There are two patterns that must emerge in a complex modern economy. One is a pattern of labor specialization. People need to develop general human capital (broadly-applicable skills) and specific human capital (on-the-job know-how), and this human capital has to be useful, as determined by the market.
The other pattern is financial trust. We want to have safe, liquid savings in a world where entrepreneurs undertake risky, illiquid investments. Financial intermediaries can issue safe liabilities while holding risky assets, provided (a) that they are operating wisely and (b) that we trust them.
In normal times, these patterns change gradually. People shift their assets, but slowly. The mix of labor demand shifts, but not too quickly for people to adjust.
Both the Great Depression and our current Great Recession have involved disruptive shifts in these patterns. Currently, the pattern of financial trust that built up in the asset-backed securities market has been shattered. The pattern of labor specialization has been sharply disrupted also, in ways that are both obvious and subtle. The obvious disruption is the shrinkage in industries linked to housing construction, sales, and finance. But the subtle disruption is that organizations are pressed by the recession into accelerating some of the pruning that they would have undertaken anyway.

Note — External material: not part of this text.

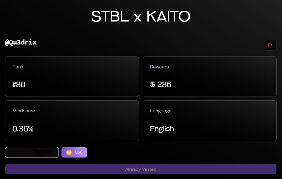 Quadrix Researcher Educator A3.13K @Qu3drixafter yesterday's sentiment being bullish, team decided to make us even more bullish monthly stbl kaito rewards have been given to the community and you can also start the vesting right away finished on the #80 place, not bad but not my target I would tell that it's acceptable #80 place= $286 in $STBL vested ngl at the first look you might tell that it's too small yea, I agree, but... remember that stbl it's standing at around 30m marketcap the ath was almost 300m so we don't know where it will stand in a few months that's why I've been talking about it and had everyone tired of it r/r on it looks great as the content creators have nothing to lose at all they've just been helping the project getting visibility x's will be done but if you were also present in the dca team, then... congrats to you coming back at this tweet at the next @stbl_official reward day

I am slowly reading Paul Kennedy’s Freedom from Fear, about the 1930’s. One point he makes is that the agriculture sector was probably the weakest. My view is that the U.S. had not yet adapted the structure of farming to the internal combustion engine. Once we did so, we needed many fewer farmers, because farming could be concentrated in land that had the most comparative advantage for growing crops. Farms no longer needed to be adjacent to cities.
Similarly, I think that we have not yet adapted to a structure of production that is efficient given the Internet. Many patterns of specialization that existed as of 1995 are obsolete today, and the Great Recession represents a sudden collapse of many of those patterns.
When the economy recovers, new patterns of financial trust will have emerged. Also, new patterns of labor specialization will be evident.
The traditional macroeconomic villains are weak aggregate demand and sticky wages. They may be part of the problem today. However, I think they are at most just a small part.
[UPDATE: I think that it is very hard to separate empirically a Recalculation story from a sticky-wage and weak nominal demand story, but macroblog has a post by Menbere Shiferaw and John Robertson that I view as providing some support for the view that changes in the pattern of specialization (or restructuring) are playing a role in the current recession.
My view of the 2001 recession is that the recalculation effects were relatively large in the labor market. In my macro lectures (and in this essay written in 2003), I pointed out that using hours worked as the cyclical indicator, that recession was long and deep (what others called a “jobless recovery” I said we should call a productivity-cushioned recession).
On the other hand, although the stock market took a large hit in 2000-2001, there was much less institutional disruption in the financial sector. That certainly accounts for the less-panicky government response, and either the lack of financial disruption or the lack of panic helps to explain the fact that employment did not drop as badly back then.]